Celebrity photographer Annie Leibovitz may lose her two high profile properties if Art Capital Group wins its $24 million lawsuit. They are side-by-side in Greenwich Village and date back to the 1830s. Leibovitz's plan was to combine 755 Greenwich Street and 757 Greenwich Street into a single 9,000 sqft life/work space. These plans, of course, are in jeopardy, and the former owner of the Greenwich Street homes, Jay Furman, partner in FYH Village LLC, is calling the sale a "big mistake."The renovations have taken years, resulting in legal action from the Greenwich Village Society for Historic Preservation and a $15 million lawsuit against Leibovitz by her next-door neighbor. The suit was settled in 2003, when the photographer bought the litigant's building for $1.87 million. So, she wound up paying for three properties (12,000 sq. ft. in all), which contributed to a tenuous financial situation and the loan from Art Capital Group, according to Bloomberg News.
These transactions were only part of a mountain of debt amassed by the photographer. From 1999 to 2008, Leibovitz borrowed extensively to purchase property and refinance the debt she was carrying. In total, her activity stretched to more than a dozen loans, Bloomberg News reports, all on the back of her real estate holdings. Two 2006 loans – for $4.7 million in November and $2.5 million in December – were extended by Rhinebeck Properties LLC, which happens to have the same address as Conde Nast Publications Inc.
With Leibovitz at the helm, the renovations did not proceed as planned. Work done in the cellar without a permit undermined a wall with a neighboring house. A chimney collapsed, triggering a gas leak (and an evacuation). The duration exposed the three buildings to the elements. Residents dubbed the new owner "Hit & Run Annie" during protests outside the homes.
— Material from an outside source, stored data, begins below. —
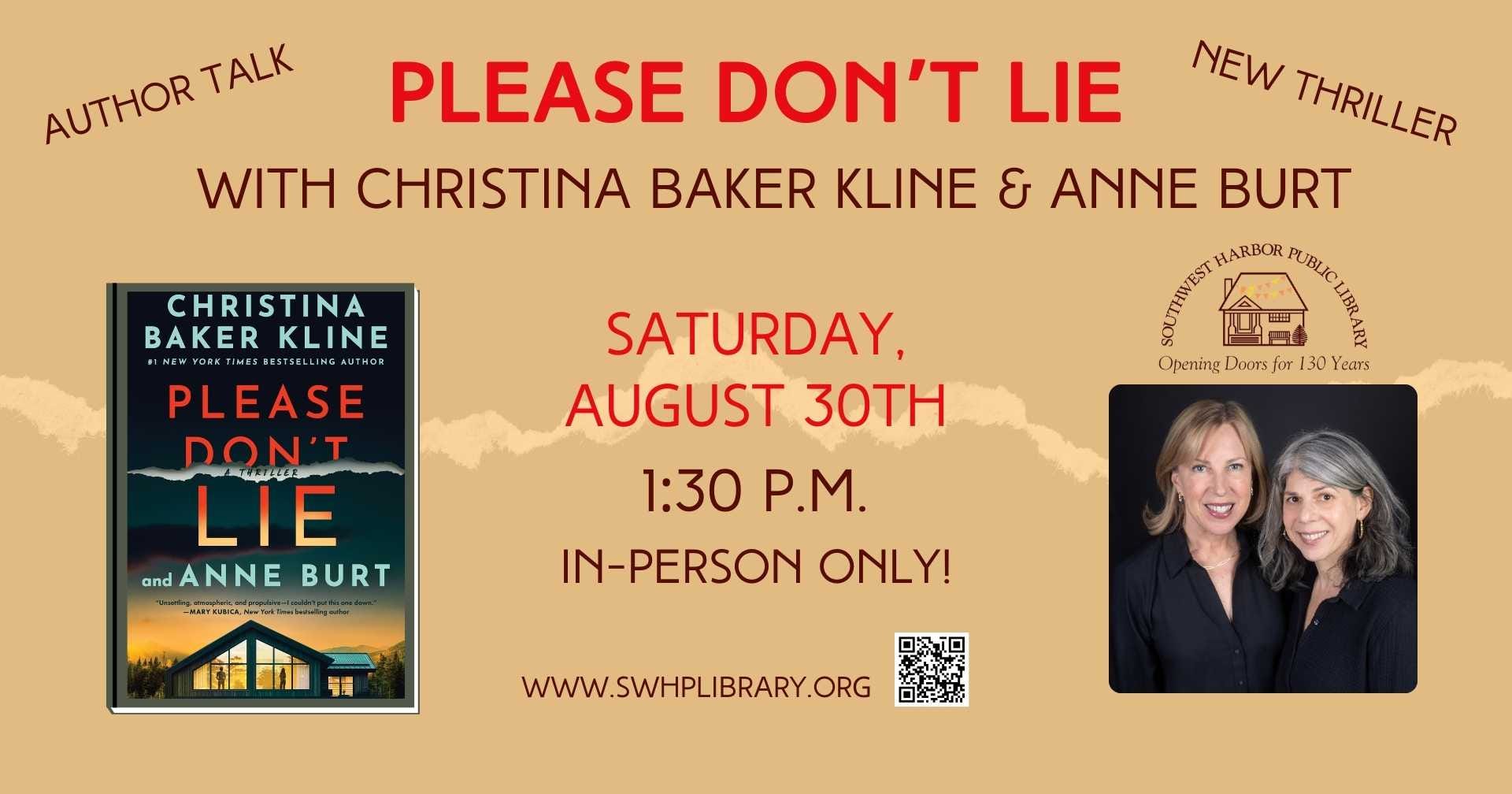 SOUTHWEST HARBOR—Bestselling author and Southwest Harbor summer resident Christina Baker Kline (Orphan Train, The Exiles) and acclaimed novelist Anne Burt (The Dig) join forces for a gripping new thriller, Please Don’t Lie (Thomas & Mercer; September 1, 2025). The Southwest Harbor Public Library will host both authors on Saturday, August 30, 1:30–2:30 p.m., for a conversation about their creative process, the making of Please Don’t Lie, and the experience of co-writing a high-stakes literary thriller. Books will be available for purchase and for signing.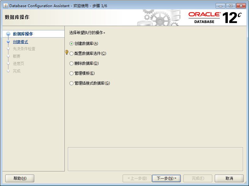 win+r進入命令臺,直接輸入dbca,進入到如圖畫面: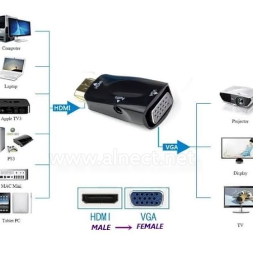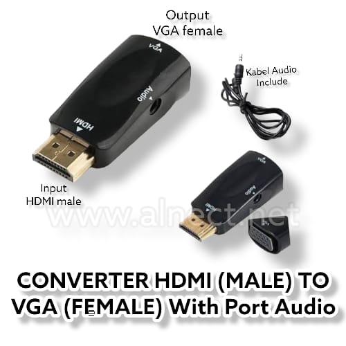 Deskripsi Converter HDMI to VGA with Port Audio - Full HD 1080p (Hitam & Putih )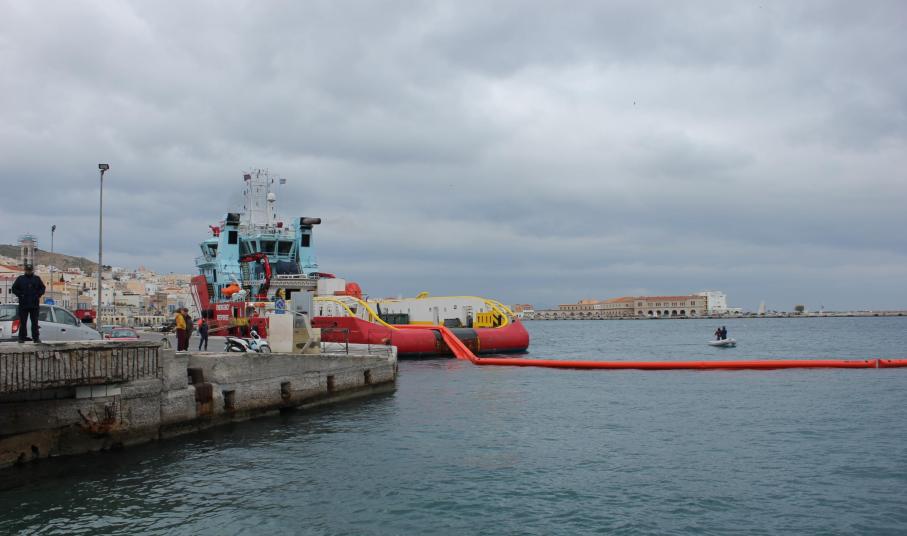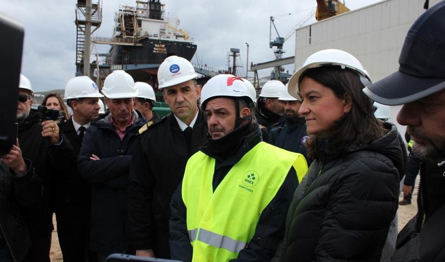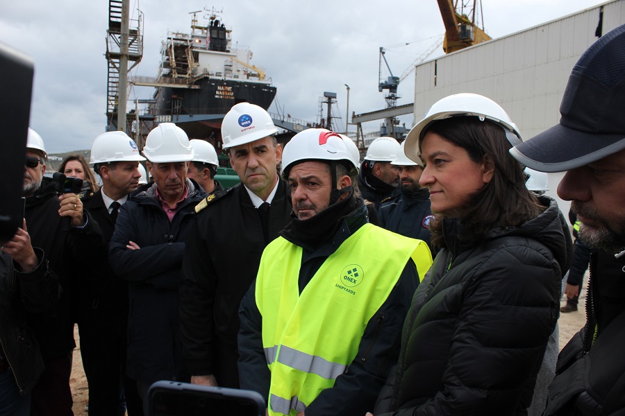 Η υπουργός είχε την ευκαιρία να παρακολουθήσει μία αντιρρυπαντική άσκηση που πραγματοποιήθηκε πλησίον τον εγκαταστάσεων του Νεωρίου, με τη συνδρομή του μεγαλύτερου ναυαγοσωστικού ρυμουλκού ανοικτής θαλάσσης που διαθέτει η χώρα.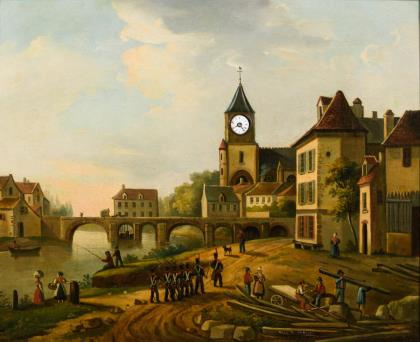 Große Bilderuhr mit Stadtansicht und französischen Artilleriesoldaten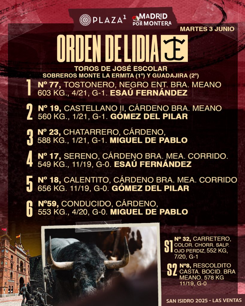 Aguardan ya en los corrales de la Plaza de Toros de Las Ventas seis toros de José Escolar para la vigesimosegunda de la Feria de San Isidro 2025. Esta tarde, a las 19:00h., harán el paseíllo Esaú Fernández, Gómez del Pilar y Miguel de Pablo.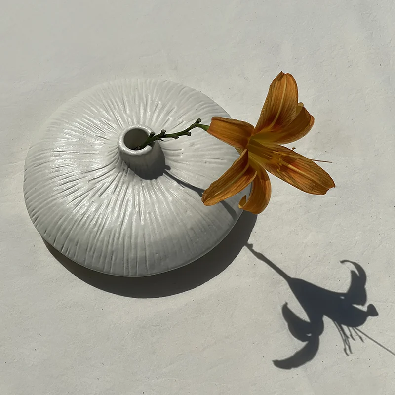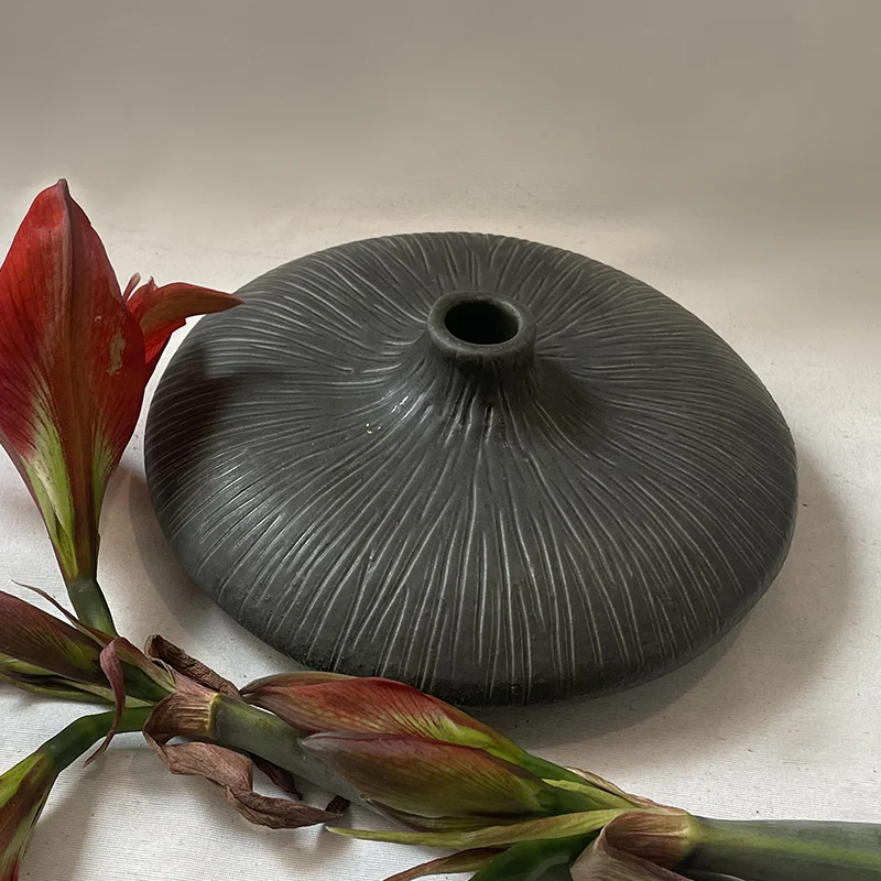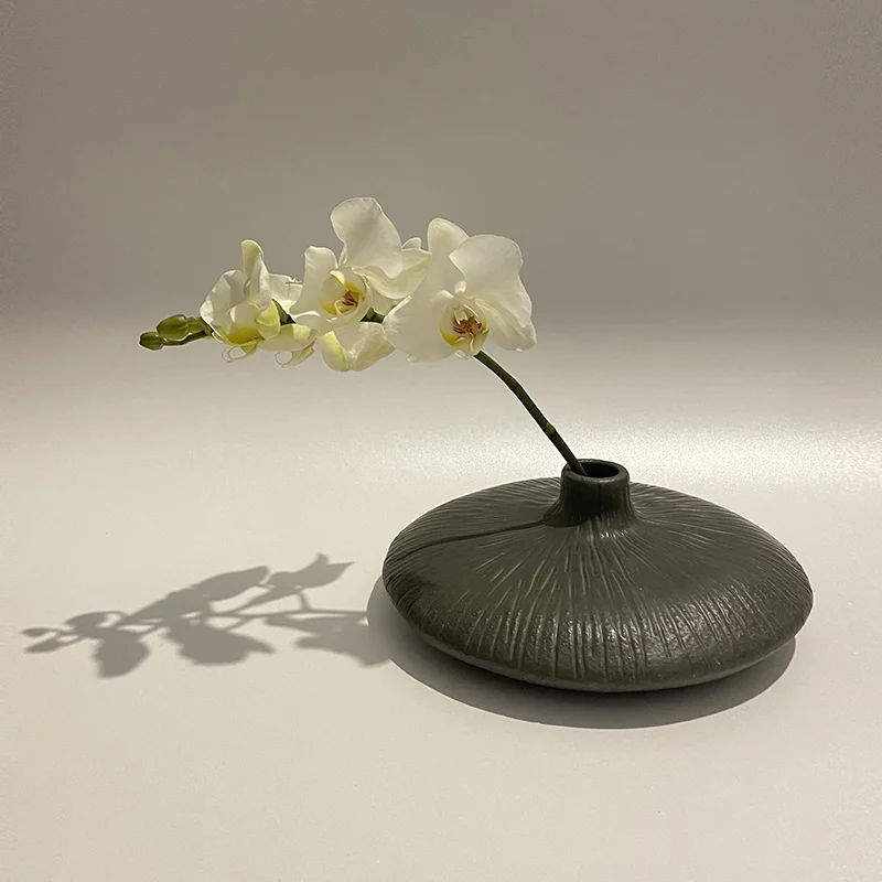 This unique handmade ceramic vase inspired by nature, with a diameter of 21 cm and a height of 7 cm, is thoughtfully designed to complement modern and minimalist spaces. Available in two stunning matte finishes—white matte and black matte—the Inari Vase is a versatile addition to any interior décor.

Inside the buildings, an estimated $5.4 million to $14.4 million in design work was completed (according to Bloomberg News interviewed with design and renovation experts). This was followed by late tax payments of $1.8 million in 2007 and 2008. In June 2008, Leibovitz approached Art Capital Group, which would eventually lend her $24 million. Yet, the company required that the photog make it an "irrevocable, exclusive agent" for selling her photo archive and real estate holdings for the duration of the loan and the two years following its payment.
Had only FYH Village held onto these rare homes, as they now wish they had, the outcome may have been much different.